Member of the Texas House of Representatives from the 2nd district
- In office January 12, 2021 – May 8, 2023
- Preceded by: Dan Flynn
- Succeeded by: Jill Dutton

Personal details
- Born: February 2, 1978 (age 48) Mineola, Texas, U.S.
- Party: Republican
- Spouse: Sharmen
- Children: 2
- Alma mater: Ouachita Baptist University (BA) University of North Texas (BA) Southwestern Baptist Theological Seminary (M.Div.)
- Occupation: Pastor; Financial Services

= Bryan Slaton =

American politician (born 1978)

Bryan Lee Slaton (born February 2, 1978) is a former pastor and American politician. A member of the Republican Party, Slaton represented the 2nd district in the Texas House of Representatives from 2021 to 2023. Slaton also works for his family business, Slaton Financial Services.

In May 2023, Slaton resigned and was later expelled from the Texas House in a unanimous vote of 147-0 after a committee report found that Slaton had provided alcohol to, and had sex with, a 19-year-old female legislative aide under his employ who was "unable to give effective consent." He was the first member of the Texas Legislature to be expelled since H. H. Moore and Francis Aaron Dale were expelled in 1927.

==Early life, education, and career==
Slaton was born on February 2, 1978, in Mineola, Texas. He attended Ouachita Baptist University, where he received a BA in youth ministry and speech communication. He then attended University of North Texas and earned a degree in accounting. Slaton later earned a Master of Divinity from Southwestern Baptist Theological Seminary. He served in the ministry as a youth and family minister for 13 years, for three of those years at River Hills Baptist Church in Corpus Christi, Texas. Bryan works for his brother's small business, Slaton Financial Services.

==Early political career==
In 2016, Slaton challenged incumbent state representative Dan Flynn, losing in the Republican primary 51 percent to 49 percent. Flynn defeated Slayton again in the 2018 primary, 52 percent to 48 percent.

During the 2020 primary, Slaton defeated Flynn by a 22-point margin, forcing a runoff election. Slaton positioned himself as more conservative than Flynn and criticized Flynn over Flynn's spending. He sent out mail which pointed out Flynn's campaign-funded lifestyle expenses such as nearly $14,000 in spending on cookies and using his campaign fund to pay for a Netflix subscription. Slaton campaigned on abolishing property taxes, ending overly broad laws that give government excess power during emergencies, and pledging to oppose any tax increase.

==Texas House of Representatives==
In March 2021, Slaton introduced a bill that would abolish abortion and make it a criminal act, whereby women and physicians who received and performed abortions, respectively, could receive the death penalty. The bill made no exceptions for rape or incest; it did provide exemptions for ectopic pregnancies that threaten the life of the woman "when a reasonable alternative to save the lives of both the mother and the unborn child is unavailable."
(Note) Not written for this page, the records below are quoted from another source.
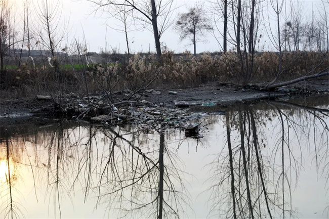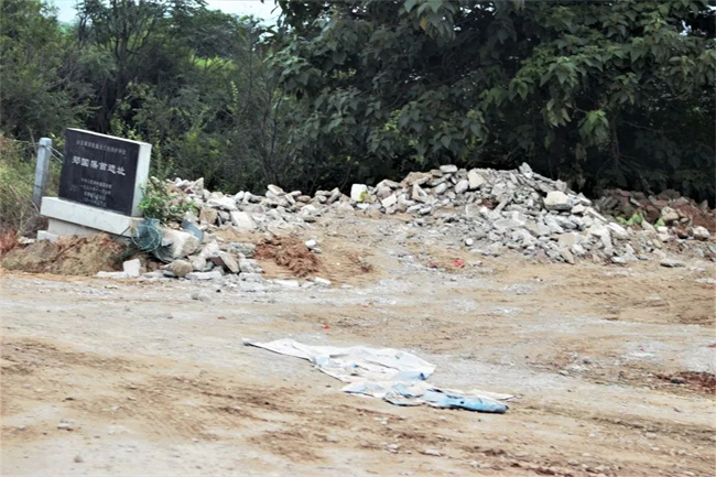 郑国渠首遗址被破坏情形,遗址标志石碑前堆积建筑垃圾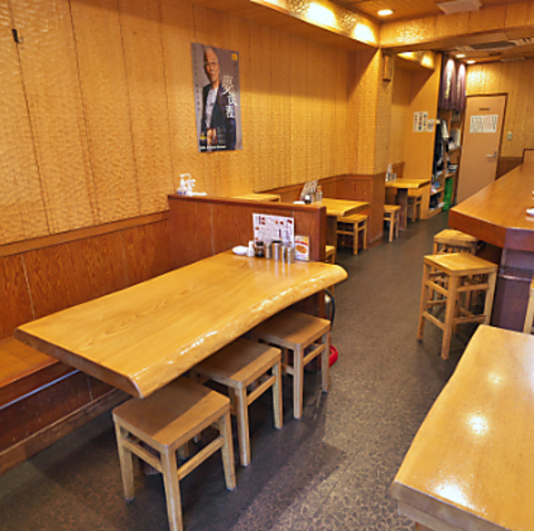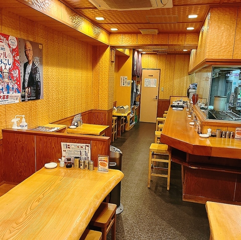 【活気あるフロア】カウンターと木製テーブル席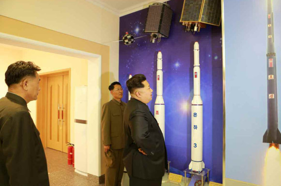 Kim Jong Un observes models of the Unha rocket series and the satellites they were launching into orbit in this image from the Rodong Sinmun on May 3, 2015.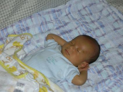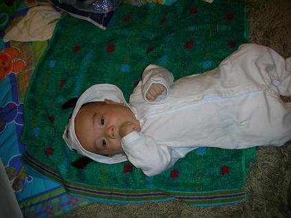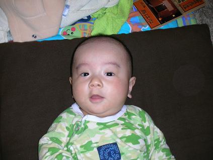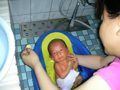 0ヶ月。入浴中。 この頃は『こんなに細くて大丈夫!?』なんて心配したな~。無用でした…。 1ヶ月。おっさんか!(笑) 実家から戻りたての頃。早くも大物振りを発揮!(早すぎ)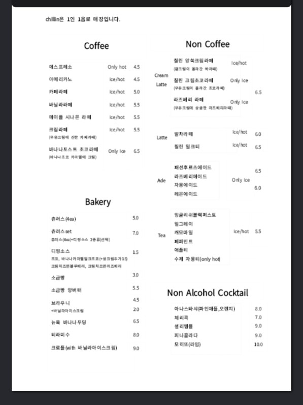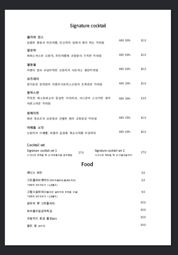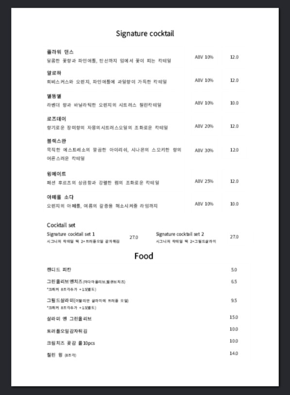 메뉴는 커피, 디저트부터 칵테일, 맥주까지 모두 있어서 취향에 맞춰 커피와 술을 즐길 수 있습니다.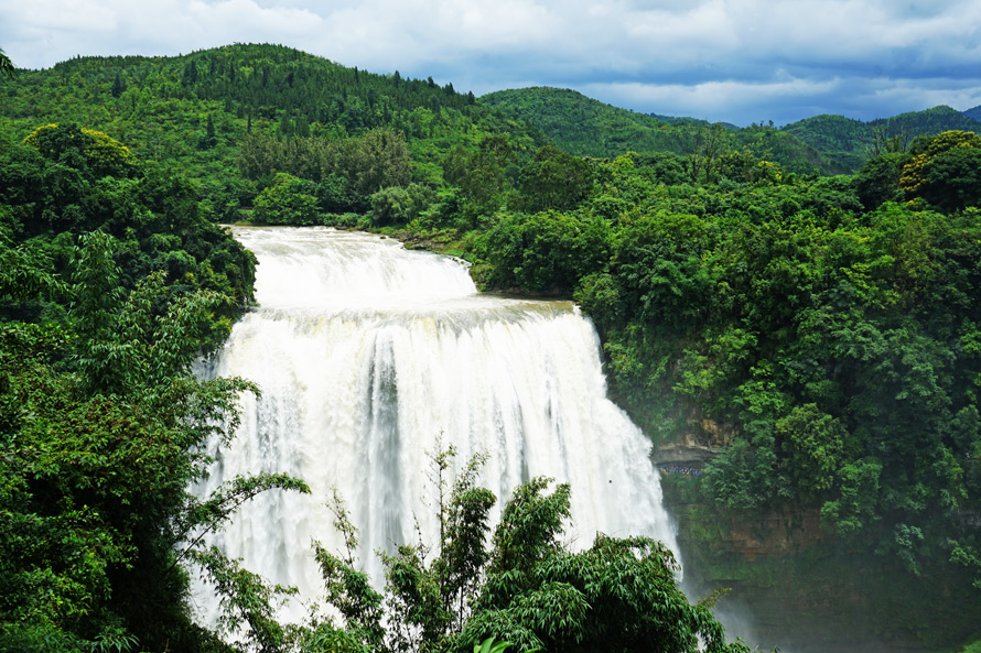 其实,黄果树不是只有这一条瀑布,而是一片瀑布群,旁边还有一条陡坡塘瀑布,同样是“今古长如白练飞,一条界破青山色。”绵绵群山造就了黄果树瀑布的壮美,蜿蜒曲折的白水河孕育了瀑布群的雄浑,它们滋润着这一方土地,刻画出人迹罕至的山野绝世美颜。

In June 2022, Slaton said in a social media post that he planned to introduce legislation in the 2023 legislative session that would ban minors from drag shows in Texas.

Slaton supports a ban on Democrats being given committee chairmanships as long as the Republicans hold the majority of seats in the Texas House. On December 6, 2022, Slaton proposed a rule change to the Texas House Administration Committee that would end Democrats receiving committee chairmanships. On February 27, 2023, Slaton introduced HB 2889, which would allow a tax credit for married residents of Texas that would increase as the number of children increases, either by procreation or adoption.

On March 6, 2023, Slaton introduced HB 3596, the "Texas Independence Referendum Act" (TEXIT), which would allow for a referendum to investigate the secession of Texas from the U.S. The U.S. Supreme Court case Texas v. White ruled in 1869 that the Constitution did not permit states to unilaterally secede from the United States.

=== Sexual misconduct controversy, expulsion and resignation ===
On April 10, 2023, a complaint surfaced alleging Slaton had been in an "inappropriate relationship" with an intern who worked for his office, over the previous month, culminating in a late-night incident involving alcohol. Representatives Briscoe Cain and Steve Toth, both Republicans, were the first to call for Slaton's resignation. According to The Texas Tribune, "[t]he resignation calls by Cain and Toth are noteworthy. The two are members of the staunchly conservative Texas House Freedom Caucus, which takes positions that usually align with Slaton's."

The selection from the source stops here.